[Records from a data source]
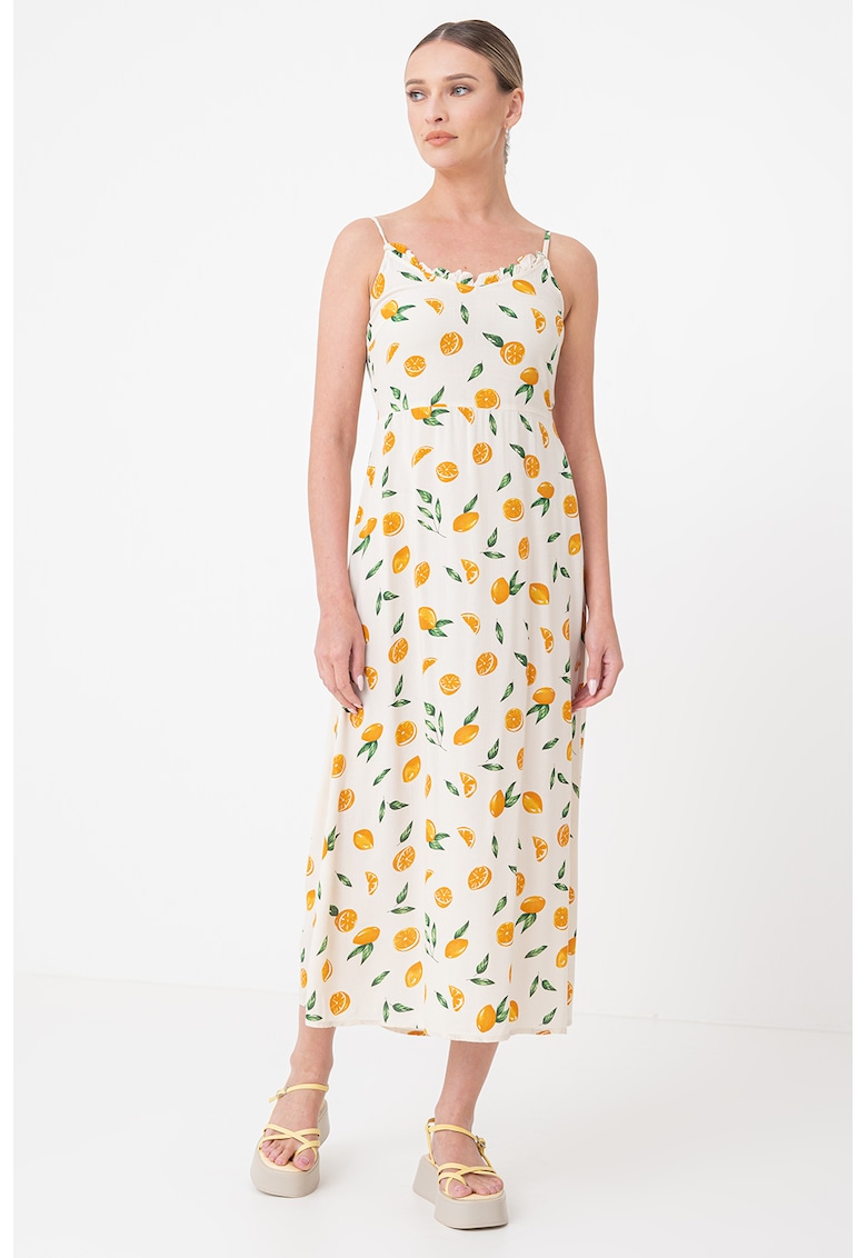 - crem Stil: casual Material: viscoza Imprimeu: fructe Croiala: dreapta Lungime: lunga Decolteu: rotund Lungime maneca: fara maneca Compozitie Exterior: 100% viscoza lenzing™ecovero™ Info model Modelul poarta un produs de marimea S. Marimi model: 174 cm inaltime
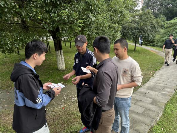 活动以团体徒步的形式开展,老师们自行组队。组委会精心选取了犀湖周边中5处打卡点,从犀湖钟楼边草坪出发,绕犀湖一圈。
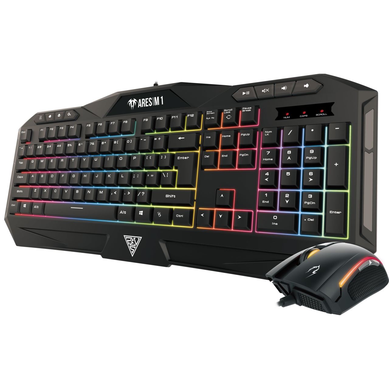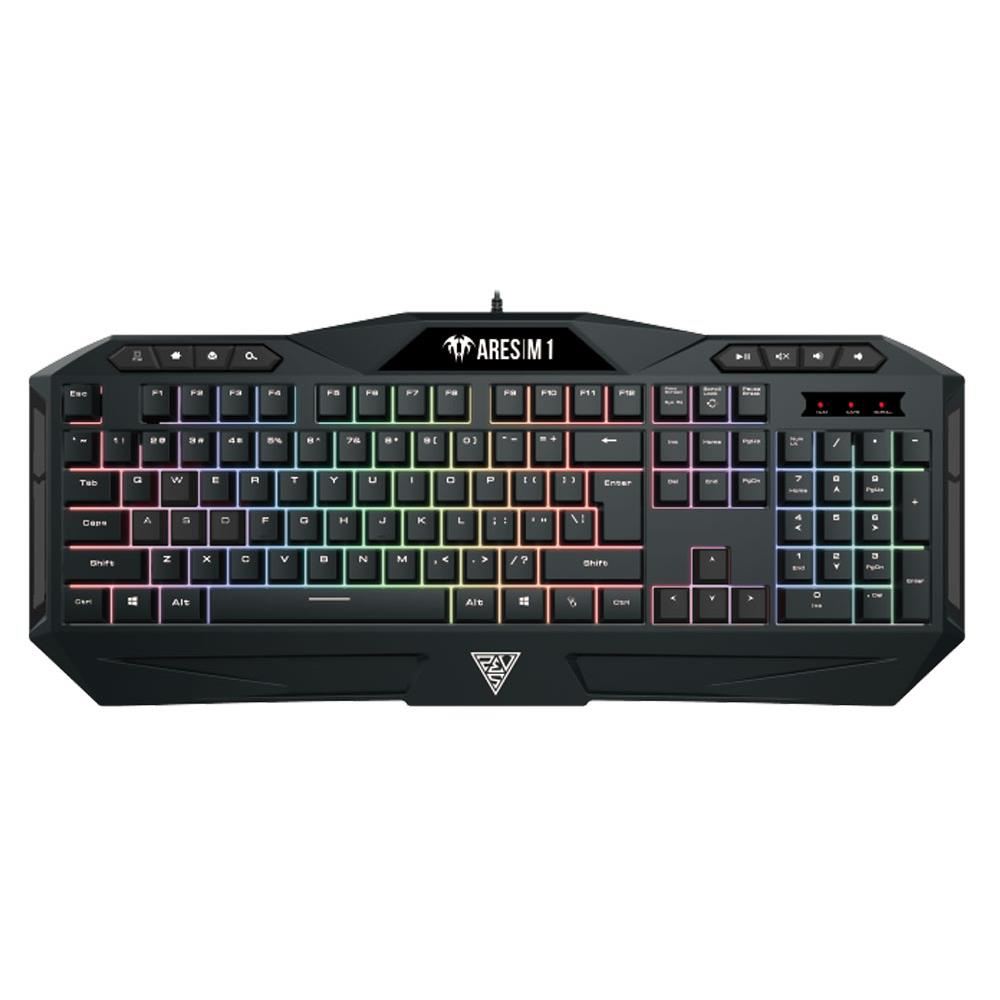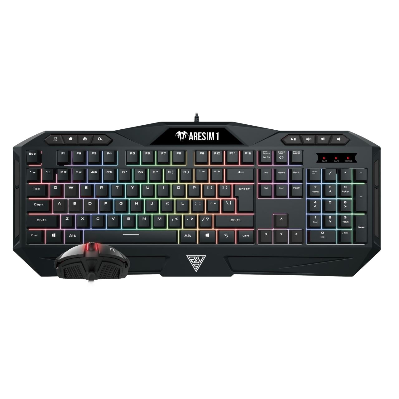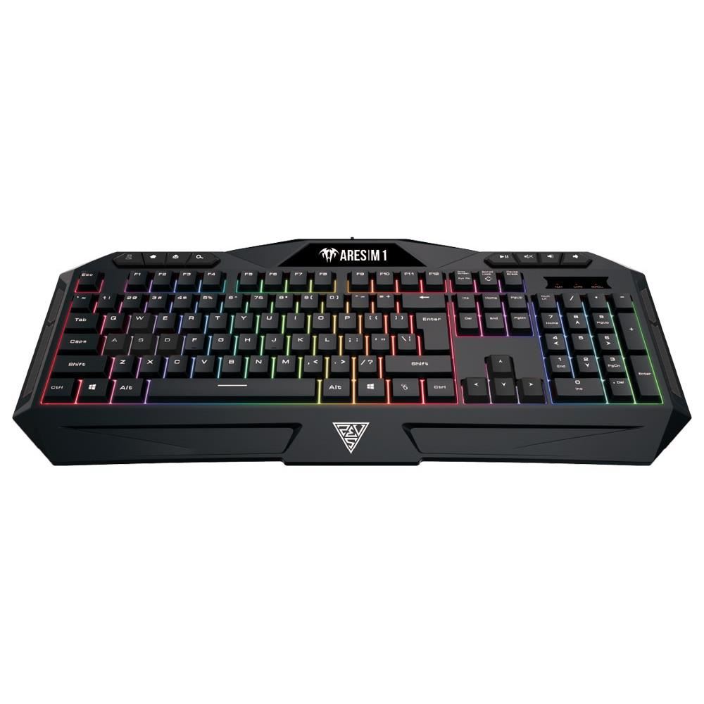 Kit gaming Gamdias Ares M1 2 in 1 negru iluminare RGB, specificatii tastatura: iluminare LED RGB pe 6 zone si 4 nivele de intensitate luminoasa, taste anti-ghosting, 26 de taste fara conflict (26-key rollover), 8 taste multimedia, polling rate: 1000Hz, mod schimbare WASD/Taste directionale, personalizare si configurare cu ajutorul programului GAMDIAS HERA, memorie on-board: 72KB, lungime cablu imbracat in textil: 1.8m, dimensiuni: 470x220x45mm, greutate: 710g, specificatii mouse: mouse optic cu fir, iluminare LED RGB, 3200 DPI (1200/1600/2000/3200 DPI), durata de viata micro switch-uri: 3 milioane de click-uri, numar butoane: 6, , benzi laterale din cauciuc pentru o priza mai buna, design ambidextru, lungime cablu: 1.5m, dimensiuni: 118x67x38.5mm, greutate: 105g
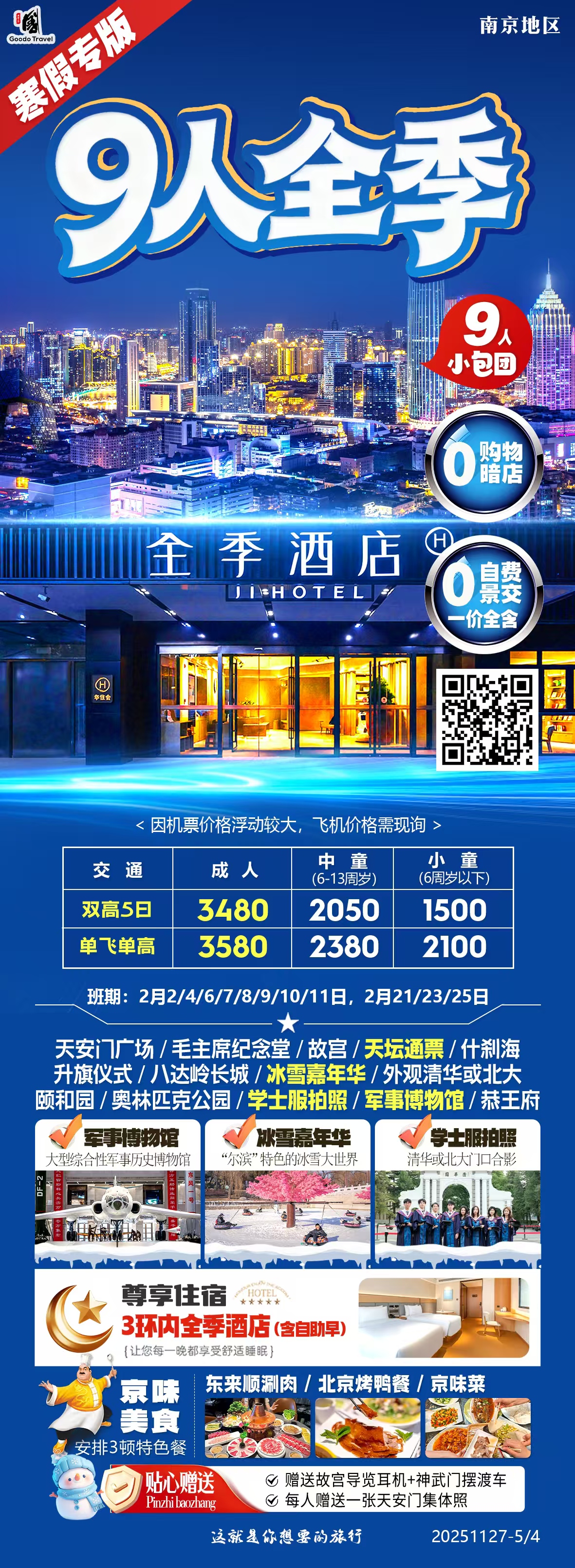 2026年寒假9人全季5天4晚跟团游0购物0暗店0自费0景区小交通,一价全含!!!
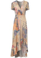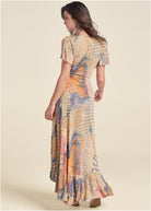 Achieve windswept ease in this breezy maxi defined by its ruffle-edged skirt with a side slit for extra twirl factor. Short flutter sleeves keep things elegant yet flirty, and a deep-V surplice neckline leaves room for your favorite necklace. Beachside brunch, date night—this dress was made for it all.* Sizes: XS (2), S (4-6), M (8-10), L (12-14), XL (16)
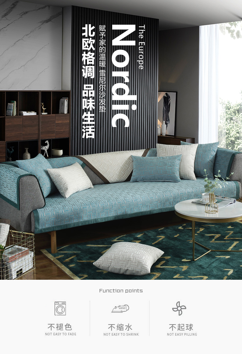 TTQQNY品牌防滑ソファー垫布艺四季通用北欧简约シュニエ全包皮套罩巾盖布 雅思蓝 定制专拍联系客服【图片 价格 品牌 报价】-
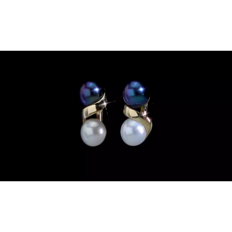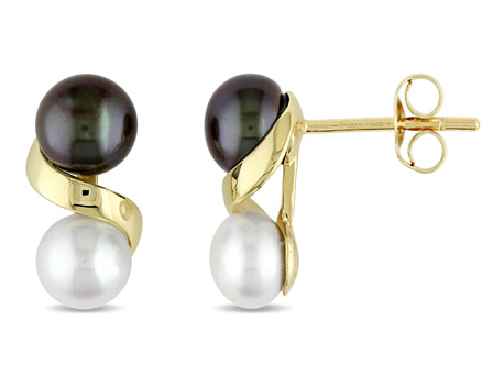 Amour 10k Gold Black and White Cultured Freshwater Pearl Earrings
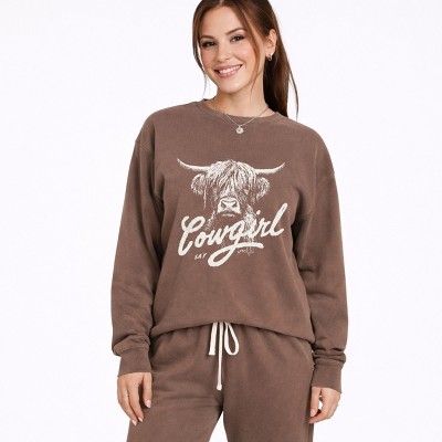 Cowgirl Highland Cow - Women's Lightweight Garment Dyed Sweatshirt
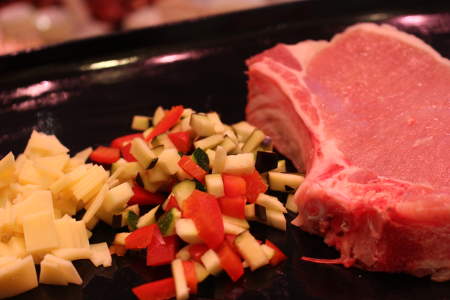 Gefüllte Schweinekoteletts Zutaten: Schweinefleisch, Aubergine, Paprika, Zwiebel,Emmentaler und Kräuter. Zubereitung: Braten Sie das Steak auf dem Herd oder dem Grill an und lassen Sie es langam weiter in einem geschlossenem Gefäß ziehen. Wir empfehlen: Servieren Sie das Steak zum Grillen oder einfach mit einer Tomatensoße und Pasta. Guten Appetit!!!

EXERCISE:
Could you output exactly the lines above, from the line with "2026年寒假9人全季5天4" up to and including the line with "Achieve windswept ease", and nothing else, skipping the pictures?

RESULT OF THIS TASK:
 2026年寒假9人全季5天4晚跟团游0购物0暗店0自费0景区小交通,一价全含!!!
 Achieve windswept ease in this breezy maxi defined by its ruffle-edged skirt with a side slit for extra twirl factor. Short flutter sleeves keep things elegant yet flirty, and a deep-V surplice neckline leaves room for your favorite necklace. Beachside brunch, date night—this dress was made for it all.* Sizes: XS (2), S (4-6), M (8-10), L (12-14), XL (16)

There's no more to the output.